Audience Question: Would it be beneficial for me to invest a little money into different plans, such as a 401(b), Roth IRA, 457(b) plan at the same time? For example, 400 into each plan per month? 

Christopher Gandia: So, I do like that, because it gives you a lot of different options in terms of your contributions going into tax-deferred and tax-free accounts. Again, going back to that Roth IRA, you don’t get any tax benefits upfront. But you get the tax benefits at the end when you pull it out, so it does give you a tax strategy. In terms of your 401 K plan make sure you contribute at least up to that company match. Absolutely, If you have access to a 457 plan, that’s your bridge account allowing you to access money prior to 59.5 upon termination of service. So, by using those three investment accounts, it provides for extremely good strategies for how and when you’re going to pull the money out and tax choices when you are entering into your retirement chapter. So, that’s a great idea. Again, just be very mindful of the income restrictions, because if you’re over an income threshold you may not be able to take advantage of the Roth IRA.  I’d refer to the IRS website for that information.

 

Audience Question: Can you go over the certifications for a financial advisor again?

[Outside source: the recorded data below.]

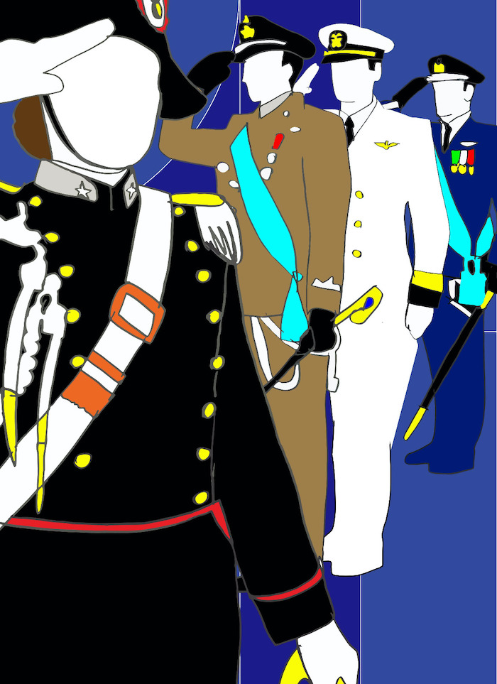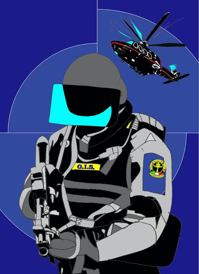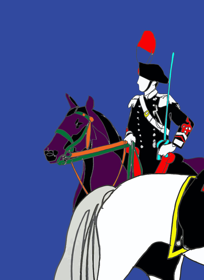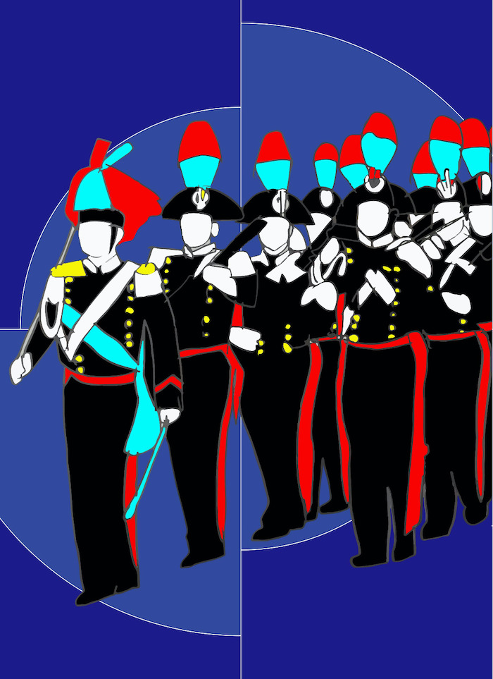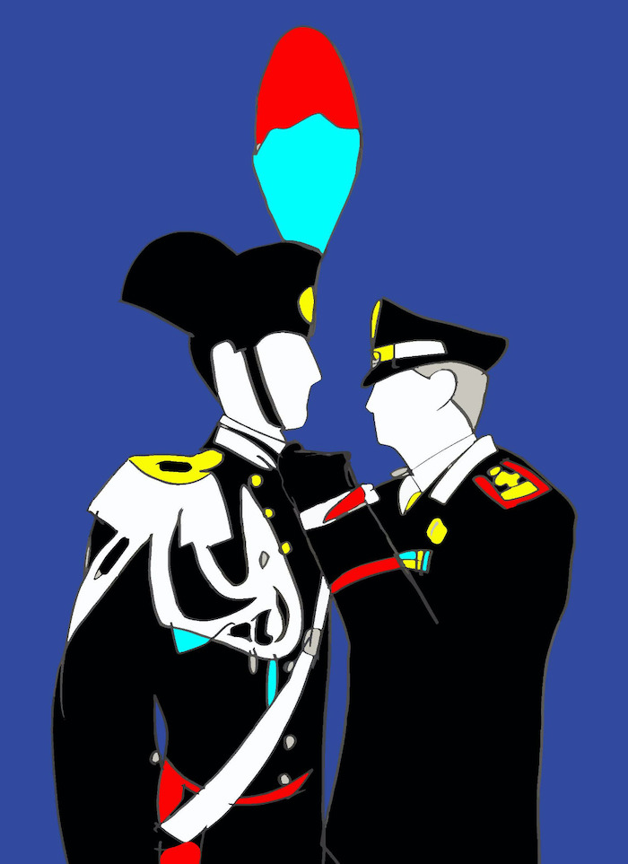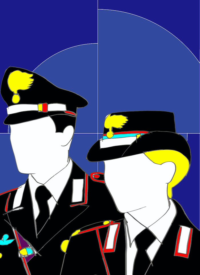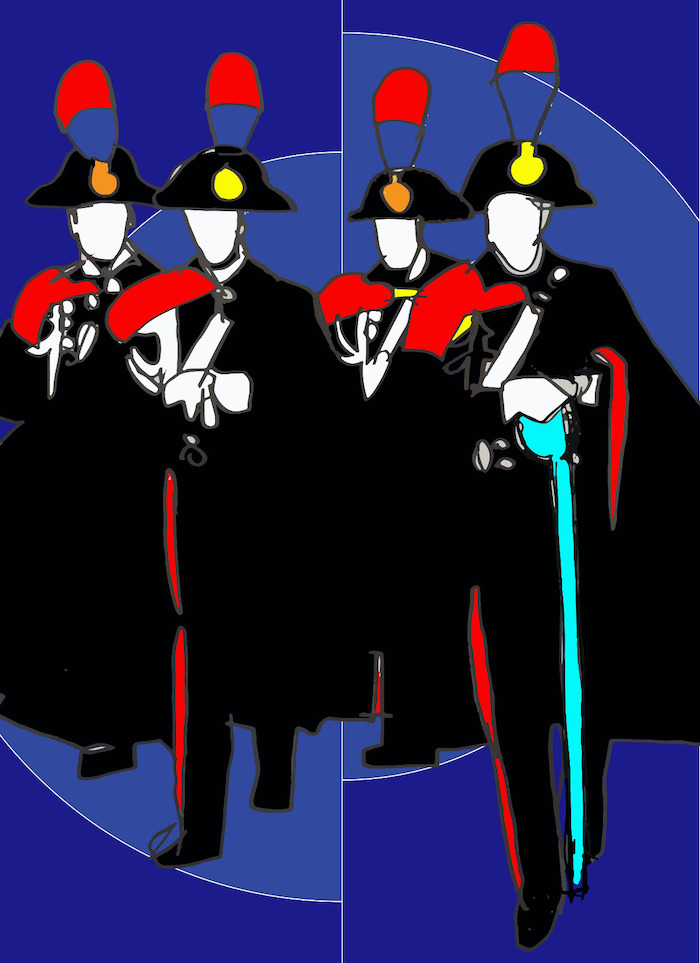 Le tavole, invece, raffigurano, nell’inconfondibile stile pop di Marco Lodola, carabinieri delle varie articolazioni dell’Arma e figure giovanili, nella versione cartacea delle “sculture luminose” che lo hanno reso celebre nel mondo.
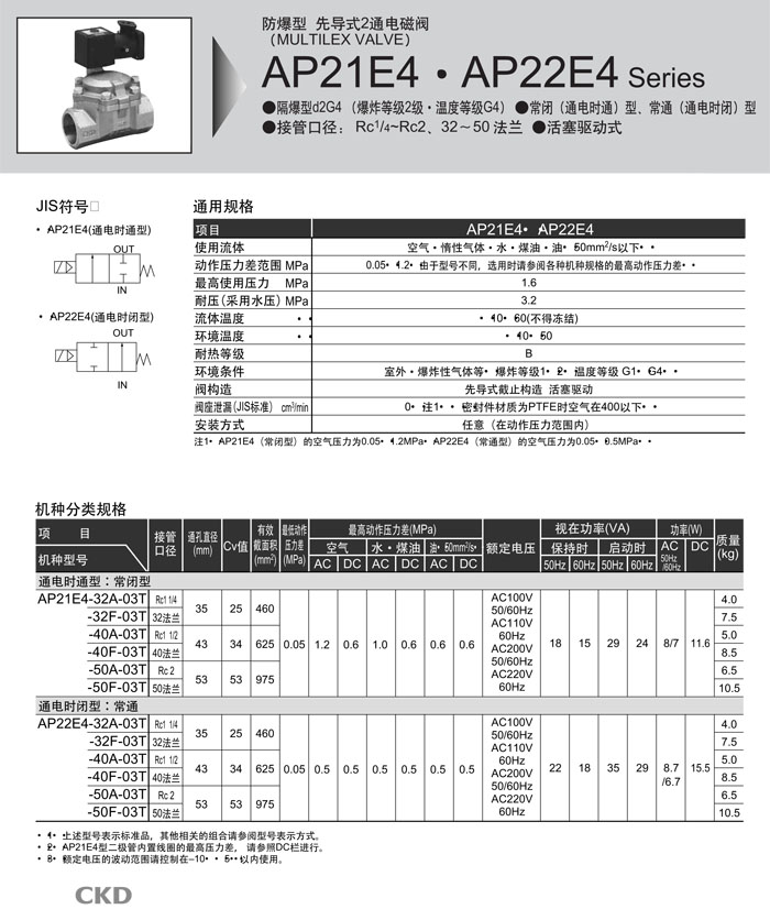 AP22E4-40A-K3P,AP22E4-40A-K5T,AP22E4-40A-K5L,AP22E4-40A-K5M,AP22E4-40A-K5N,AP22E4-40A-K5P,CKD先導(dǎo)式2通電磁閥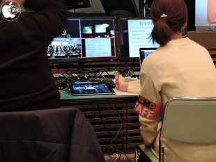 会場には、3台のビデオカメラが設置され、LiveWedgeでスイッチングし、Blackmagic DesignのIntensity経由で、MacとThunderbolt接続し、Telestreamのライブストリーミングソフトウェア「Wirecast」で配信利用されていました。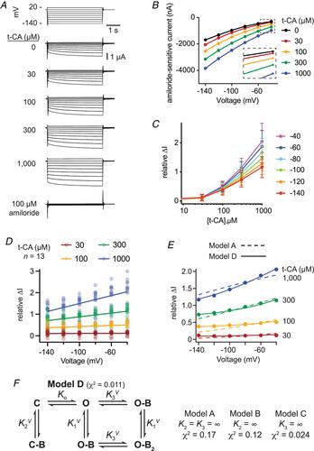 Figure 5. ENaC regulation by t-CA is voltage-dependent. A, oocytes expressing α, β, and γ ENaC subunits were bathed in a 110 mM Na+ solution supplemented with t-CA or amiloride as indicated. After 60 s for each t-CA dose, or 20 s for amiloride, currents were recorded while varying voltage in 20 mV steps for 4 s, as shown in the representative experiment. Steady-state currents at each voltage (recorded at 3.8 s) were subsequently analysed. B, the amiloride-sensitive I–V curve from the representative experiment is plotted for each t-CA dose, with an inset highlighting greater relative stimulation at less negative potentials. C, the relative t-CA dose–response for each voltage is plotted and was determined as ∆I = IX/I0 – 1, where I0 and IX are the amiloride-sensitive currents at baseline and a given t-CA dose, respectively. Data shown are means (SD), n = 13 oocytes. Individual points are shown in panel D. D–E, the t-CA dose–response data were replotted as a function of voltage, with individual data points in D and mean values in E. Linear regression was performed for each t-CA dose (D), and gave R2 values of 0.19 for 30 μM t-CA (P = 0.38), 0.98 for 100 μM t-CA (P = 0.0002) and 0.99 for both 300 and 1000 μM t-CA (P < 0.0001). F, relative ∆I vs voltage data were fit to various models of regulation. The simplest model considered (Model A, dashed lines in panel E) had three states, a closed state (C), an open state (O), and an open state with the bile acid bound at one site (O-B). Equilibrium constants between these states are Ko = [O]/[C] and K1 = [O][B]/[O-B], and K1 was permitted to have voltage-dependence according to K1V = K1·ezFδV/RT. Additional binding sites were defined analogously. Models A, B and C are nested within Model D by setting the indicated binding constant(s) to ∞. The fit to the best model (Model D, solid lines in panel E) is shown. [Colour figure can be viewed at wileyonlinelibrary.com]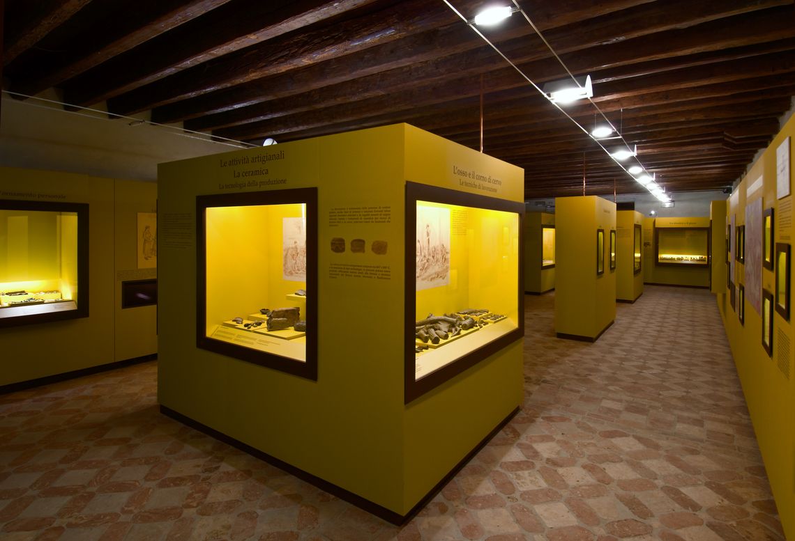 Il Museo Archeologico Nazionale di Fratta Polesine, inaugurato il 21 febbraio 2009 presso le Barchesse della Villa Badoer, rappresenta l'esito di oltre 40 anni di ricerche in Polesine, in particolare per quanto riguarda la tarda età del bronzo. I materiali esposti, sicuramente tra i più considerevoli in ambito europeo, sono riconducibili ai villaggi che popolavano l'antico fiume Po tra il XII e il X secolo a.C.: il nucleo di manufatti più importanti riporta al villaggio di Frattesina e alle due necropoli ad essa correlate rinvenute in località Narde e Fondo Zanotto. Il percorso museale si apre (sale I e II) con una presentazione dei principali siti del bronzo finale del territorio veneto (Treviso, Montagnana, Gazzo Veronese, Veronella, Garda); segue quindi un approfondimento degli insediamenti lungo l'antico ramo del Po nell'età del bronzo recente (Larda di Gavello e Castelnovo Bariano) e finale (Mariconda di Melara e Villamarzana). Infine viene analizzato l'ambiente come doveva presentarsi all'epoca e la fauna che lo popolava. La sala III, al piano terra, offre al visitatore una panoramica sulla vita e sulle attività che gli abitanti di Frattesina svolgevano durante la tarda età del bronzo. Sono descritte le principali attività di sussistenza legate alla preparazione e cottura dei cibi (forni e ollette), la filatura (fuseruole e rocchetti in ceramica), la tessitura, il gioco e gli elementi cultuali. Numerosi sono anche gli oggetti che testimoniano le attività di sussistenza quali l'agricoltura, la caccia e la pesca. Di notevole fattura risultano i manufatti riferibili alle attività artigianali, così elevate nel numero, da far pensare ad una produzione non solo finalizzata al fabbisogno interno della comunità, ma anche all'esportazione, a medio ed ampio raggio, certamente facilitata dalla presenza del Po. Sono attestate la lavorazione del bronzo, del piombo e dell'oro, dell'argilla, del vetro (senza eguali nel panorama europeo), dell'osso animale e del corno di cervo. La presenza di materie prime di provenienza esotica (uova di struzzo, avorio e ambra) suggerisce che l'importazione di tali materie era volta alla loro trasformazione in oggetti di pregio per essere quindi immessi sul mercato. Di notevole rilevanza è il cosiddetto "Tesoretto", rinvenuto all'interno dell'abitato, costituito da diversi pettini in avorio, perline di vetro e ambra, ornamenti bronzei e un recipiente del medesimo materiale che li conteneva. Il primo piano del museo (sala IV) è interamente dedicato alle necropoli rinvenute nel Fondo Zanotto, a 500 metri dall'abitato di Frattesina, e in località Narde a 600 metri dall'abitato antico, sulla sponda opposta del fiume. Il rituale rappresentato è prevalentemente quello della cremazione, anche se non mancano esempi, rari, di deposizione nella nuda terra. Il corredo è costituito generalmente da un'urna contenente i resti del defunto e oggetti di ornamento. Solo due tombe, evidentemente riferibili a personaggi di rilevante ruolo politico, contenevano all'interno del corredo una spada in bronzo, una di esse con i ribattini in oro, generalmente non presente nei corredi coevi dell'Italia settentrionale. A conclusione dell'esposizione è stata realizzata una ricostruzione di un contesto funerario, composto da un tumulo e da due sepolture ad inumazione provenienti dalle necropoli. L'installazione è corredata da un video in computer graphic che rappresenta i momenti principali del rito funerario a Frattesina, dal trasporto della salma attraverso il Po, alla cremazione, alla sepoltura.
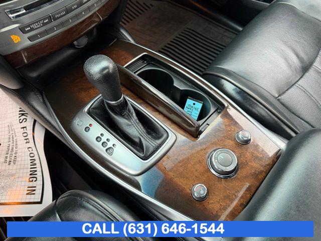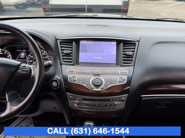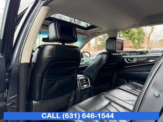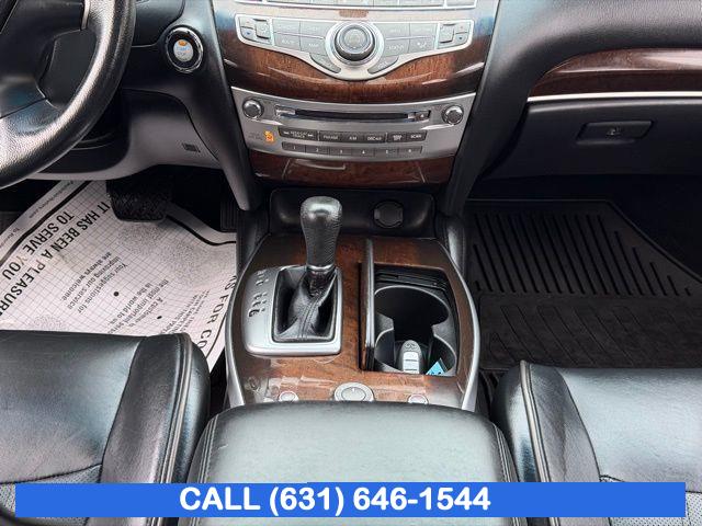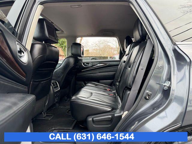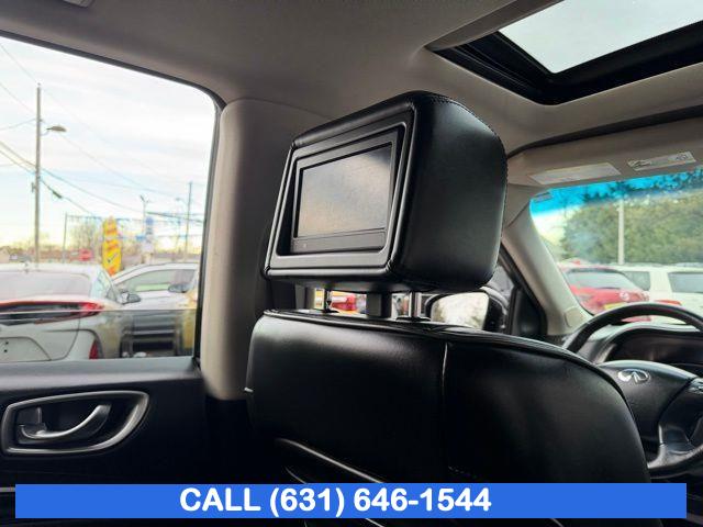 Cargo Package, Maple Interior Trim, Premium Package, Theater Package, 6 Speakers, AM/FM radio: SiriusXM, AM/FM/CD/MP3 Audio System, CD player, INFINITI Voice Recognition, Radio data system, Radio: INFINITI Hard Drive Navigation System, Wireless Headphones (2), Air Conditioning, Automatic temperature control, Front dual zone A/C, Rear air conditioning, Rear window defroster, Power driver seat, Power steering, Power windows, Remote keyless entry, Steering wheel mounted audio controls, Entry & Exit Assist, Four wheel independent suspension, Speed-sensing steering, Traction control, 4-Wheel Disc Brakes, ABS brakes, Dual front impact airbags, Dual front side impact airbags, Front anti-roll bar, Low tire pressure warning, Occupant sensing airbag, Overhead airbag, Rear anti-roll bar, Power moonroof, Dual 7" Color Monitors, Power Liftgate, Around View Monitor w/Front & Rear Sonar System, Brake assist, Electronic Stability Control, Exterior Parking Camera Rear, Delay-off headlights, Front fog lights, Fully automatic headlights, High intensity discharge headlights: Bi-Xenon, First Aid Kit, Panic alarm, Security system, Speed control, Bodyside moldings, Bumpers: body-color, Heated door mirrors, Illuminated Kick Plates (PIO) (DISC), Outside Mirrors w/Reverse Tilt-Down Feature, Power door mirrors, Splash Guards (Color-Matched Set of 4), Spoiler, 120V Power Outlet, Auto-Dimming Inside Mirror, Driver door bin, Driver vanity mirror, Enhanced Intelligent Key Memory, Front reading lights, Illuminated entry, Leather Shift Knob, Leather steering wheel, Maple Interior Accents, Outside temperature display, Overhead console, Passenger vanity mirror, Rear Cargo Protector, Rear reading lights, Rear seat center armrest, Tachometer, Telescoping steering wheel, Tilt steering wheel, Trip computer, 2-Way Driver's Seat Power Lumbar Support, 3rd row seats: bench, Dual Occupant Memory System, Front Bucket Seats, Heated Front Seats, Heated front seats, Leather-Appointed Seats, Power passenger seat, Reclining 3rd row seat, Split folding rear seat, Front Center Armrest w/Storage, Passenger door bin, Roof Rail Cross Bars, Roof Rails, Tonneau Cover, 18" Split 5-Spoke Aluminum-Alloy Wheels, Alloy wheels, Rear window wiper, Speed-Sensitive Wipers, Variably intermittent wipers, 5.17 Axle Ratio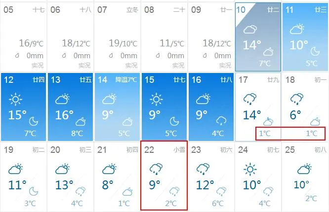 预计下个周末气温将逼近0℃!
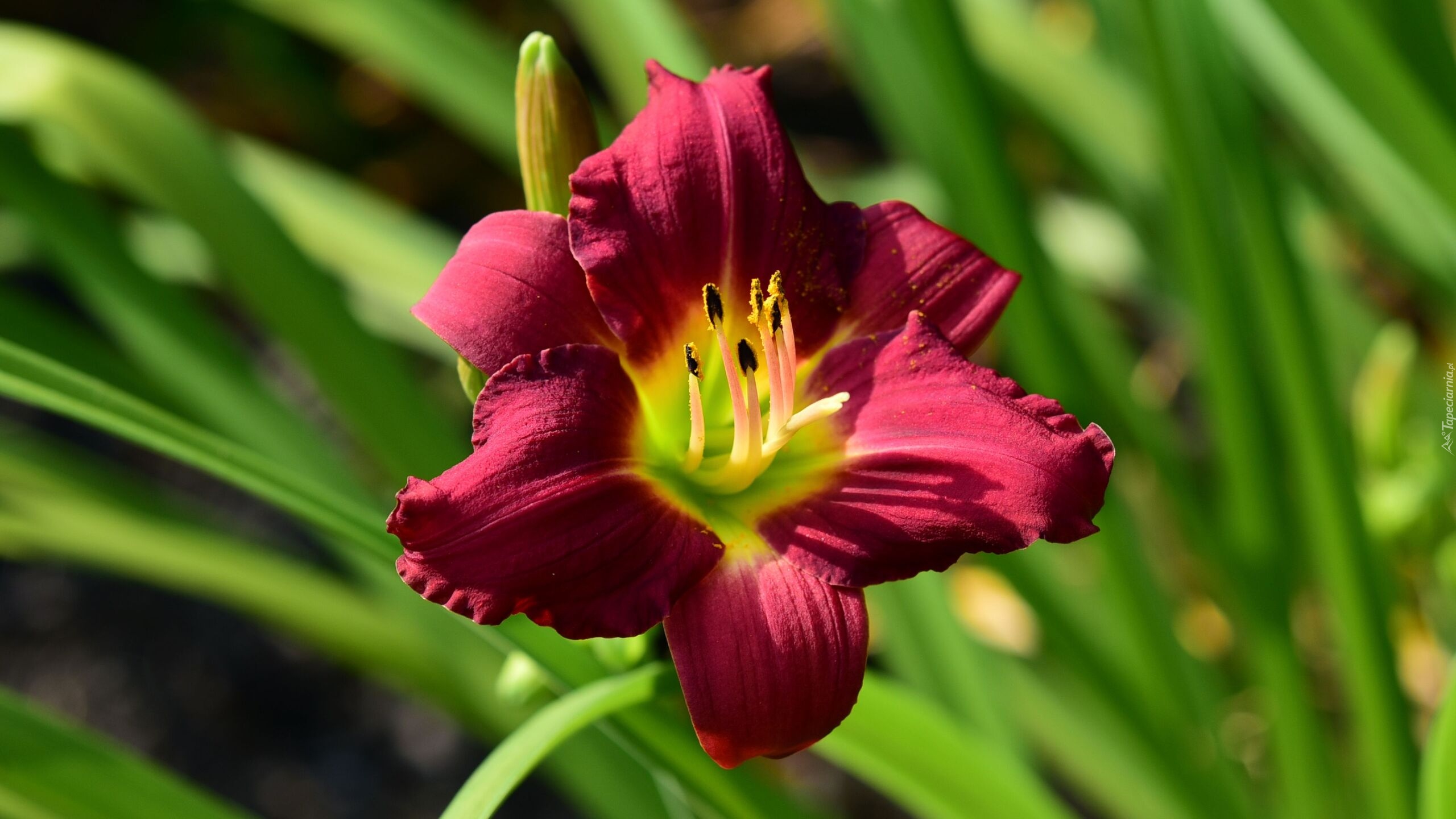 Edytor tapety: Rozwinięty rozświetlony czerwony liliowiec na tle rozmytych liści

Christopher Gandia:  Certainly, the most common one is a Certified Financial Planner, CFP which is one of the gold standards for certifications. A couple of other gold standards would be the Certified Financial Analyst or Chartered Financial Consultant, those are the three most popular ones. I would recommend searching online for top financial advisor certifications and you can see those three that I just mentioned: Certified Financial Planner, Chartered Financial Consultant, and Chartered Financial Analyst. You can also go on CFP.net, to look for a Certified Financial Planner in your area. Again, you’ll get advisors that are certified under the Board of Standards who need to abide by ethics, regulations, and fiduciary standards. The fiduciary standard is extremely important to make sure that they are looking out for your interests and not their own.